I have this equation which I solved-
$$\sin^4x-\cos^4x=1$$ $$\implies -\cos^4x=1-\sin^4x$$ $$\implies-\cos^4x=(1+\sin^2x)(1-\sin^2x)$$ $$\implies-\cos^4x=(1+\sin^2x)\cos^2x$$ $$\implies-\cos^2x=(1+\sin^2x)$$ $$\implies-(\cos^2x+\sin^2x)=1$$ $$\implies-1=1$$
I came across this thing while solving a problem and I am at total loss why this is coming.Where am I wrong?
Thanks for any help!!
On
The fault lies in these steps:
$$\implies-\cos^4x=(1+\sin^2x)\cos^2x$$ $$\implies-\cos^2x=(1+\sin^2x)$$
The cancellation of $\cos^2 x$ on both sides implies the assumption that $\cos x \not =0$ which is not logical since in the first step above, the L.H.s is negative, whereas the R.H.S. is positive.
So the only solution of the equation is $\cos x=0$ or in other words, $x=2n\pi \pm \frac{\pi}{2}$ where $n \in \mathbb{Z}$.

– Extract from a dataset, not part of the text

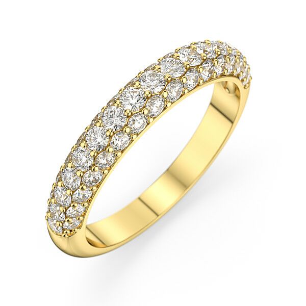 MILA est une bague personnalisable en or blanc, rose ou jaune 18 carats (750/1000) ou en platine 950. Elle est sertie en demi tour de l'anneau d'un magnifique pavage de 3 rangs de diamants taille brillant.Recevoir votre baguier

Your inference \begin{align} & & -\cos^4x &= (1+\sin^2x)\cos^2x \\ &\implies & -\cos^2x &= (1+\sin^2x) \end{align} is false. The valid inference is \begin{align} & & -\cos^4x &= (1+\sin^2x)\cos^2x \\ &\implies & -\cos^2x &= (1+\sin^2x) \quad \text{ or }\quad \cos^2 x = 0 \end{align} This accounts for the possibility that you have divided by zero. Subsequently, the left choice yields no solutions and the right choice yields the solution set of the equality in the first line of your problem.